# WHAT IS BEING ASKED
Reproduce the data exactly as given, except for any images.

# SOURCE DATA
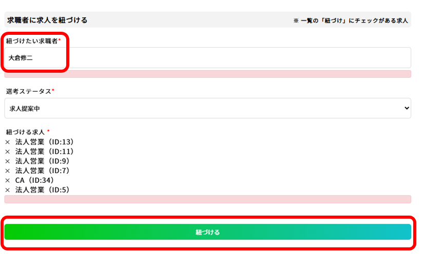 紐づけしたい「求職者名」または「ID」を入力し候補者を選択
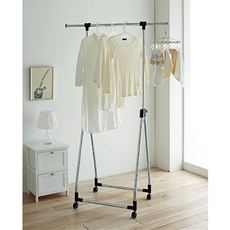 干す物やスペースに応じて高さも幅も調節可能◎コンパクトなキャスター付きで移動しやすく、部屋のすみにも手軽に置けます♪
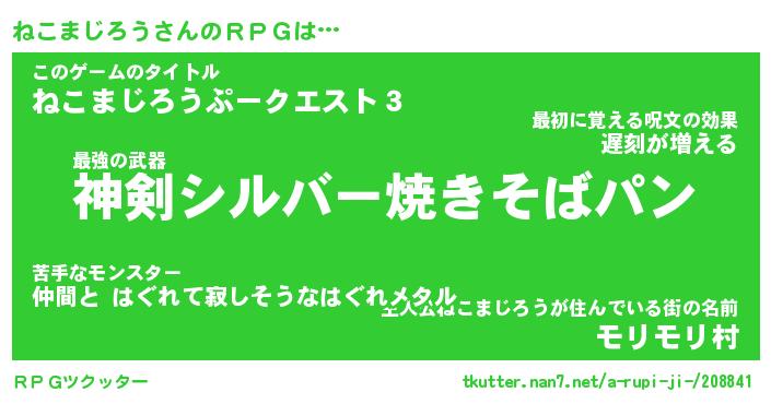 | 意味不明あだ名 | 『ペロリンねこまじろう』 |

# ANSWER SECTION
 紐づけしたい「求職者名」または「ID」を入力し候補者を選択
 干す物やスペースに応じて高さも幅も調節可能◎コンパクトなキャスター付きで移動しやすく、部屋のすみにも手軽に置けます♪
 | 意味不明あだ名 | 『ペロリンねこまじろう』 |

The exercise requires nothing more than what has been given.